**Work instructions**. Set down every record below exactly as it appears, but without the pictures.

**Collected data**.
===
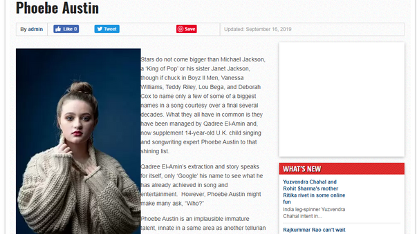 Phoebe現在正在製作她的首張專輯“ Perfectly / Imperfect-Phoebe Austin的神奇神秘世界”,這是Stevie Eagle E製作的。Phoebe將發行單曲,直到專輯完成,然後編譯這些單曲以製作專輯。菲比·奧斯汀(Phoebe Austin)最近與超級經紀人卡德里·阿明(Qadree El-Amin)簽約,後者管理過其他名人邁克爾·傑克遜。菲比·奧斯汀(Phoebe Austin)的未來未寫下來,但看起來很光明。很亮
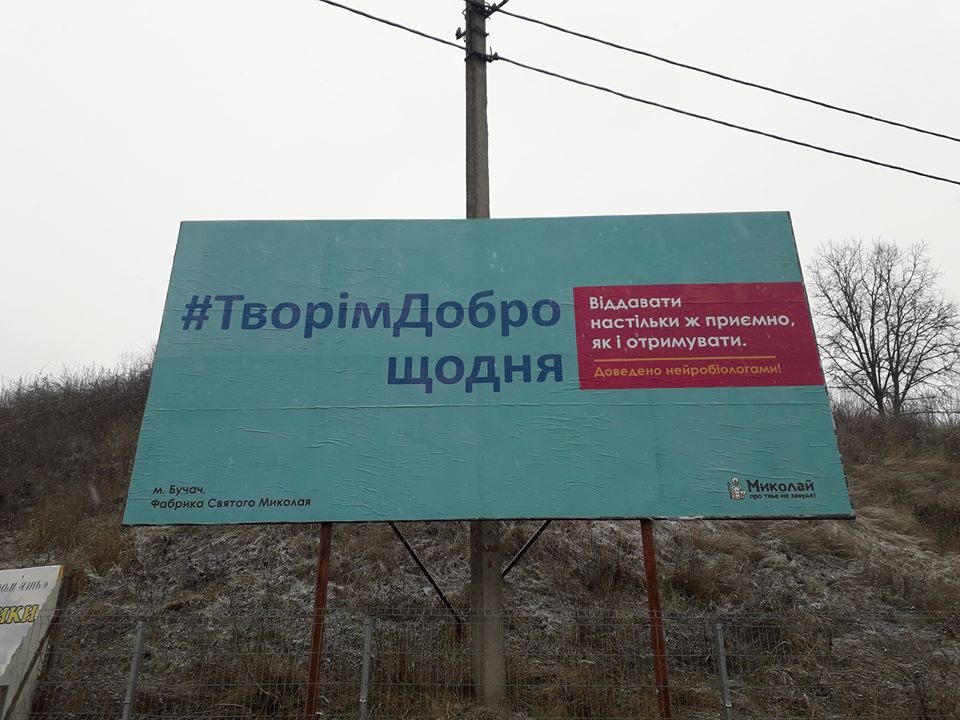 Ось такий бігборд з’явився в Бучачі біля автостанції з великими літерами #ТворімДоброЩодня.
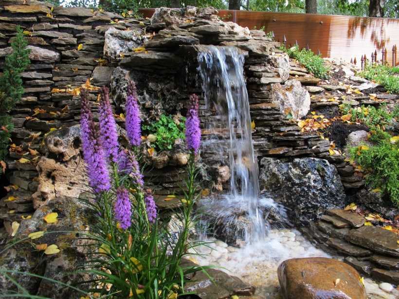 Вид и звуки ниспадающих потоков моментально успокаивают, снимают тяжесть забот, расслабляют. Ради этого стоит постараться. Вы можете соорудить пруд с водопадом на ровной местности, либо встроить водоём в состав цветущей композиции альпийской горки. В любом случае это будет эксклюзивным эстетическим решением.
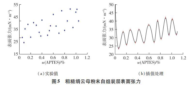 圖 5(a)為粗糙絹云母粉末在不同 APTES質量分數下的分子自組裝膜的表面張力,圖中的數據點表現出周期波動的特點。為了獲得該曲線的波峰和波谷,對圖5(a)進行插值處理。圖5(b)顯示在小于1.2%,曲線具有周期性,且波峰與波谷隨著 APTES用量的增加而增大。根據圖5(b),分別選取峰谷和峰尖的APTES用量及表面張力列入表2。
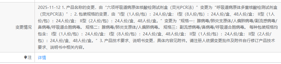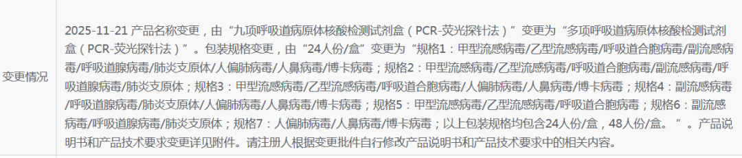由“九项呼吸道病原体核酸检测试剂盒(PCR-荧光探针法)”变更为“多项呼吸道病原体核酸检测试剂盒(PCR-荧光探针法)”。
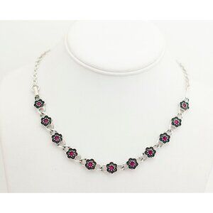 17 Inch silver and black tone flower necklace with pink rhinestones. Made by Avon.
===
**Solution**.
 Phoebe現在正在製作她的首張專輯“ Perfectly / Imperfect-Phoebe Austin的神奇神秘世界”,這是Stevie Eagle E製作的。Phoebe將發行單曲,直到專輯完成,然後編譯這些單曲以製作專輯。菲比·奧斯汀(Phoebe Austin)最近與超級經紀人卡德里·阿明(Qadree El-Amin)簽約,後者管理過其他名人邁克爾·傑克遜。菲比·奧斯汀(Phoebe Austin)的未來未寫下來,但看起來很光明。很亮
 Ось такий бігборд з’явився в Бучачі біля автостанції з великими літерами #ТворімДоброЩодня.
 Вид и звуки ниспадающих потоков моментально успокаивают, снимают тяжесть забот, расслабляют. Ради этого стоит постараться. Вы можете соорудить пруд с водопадом на ровной местности, либо встроить водоём в состав цветущей композиции альпийской горки. В любом случае это будет эксклюзивным эстетическим решением.
 圖 5(a)為粗糙絹云母粉末在不同 APTES質量分數下的分子自組裝膜的表面張力,圖中的數據點表現出周期波動的特點。為了獲得該曲線的波峰和波谷,對圖5(a)進行插值處理。圖5(b)顯示在小于1.2%,曲線具有周期性,且波峰與波谷隨著 APTES用量的增加而增大。根據圖5(b),分別選取峰谷和峰尖的APTES用量及表面張力列入表2。
由“九项呼吸道病原体核酸检测试剂盒(PCR-荧光探针法)”变更为“多项呼吸道病原体核酸检测试剂盒(PCR-荧光探针法)”。
 17 Inch silver and black tone flower necklace with pink rhinestones. Made by Avon.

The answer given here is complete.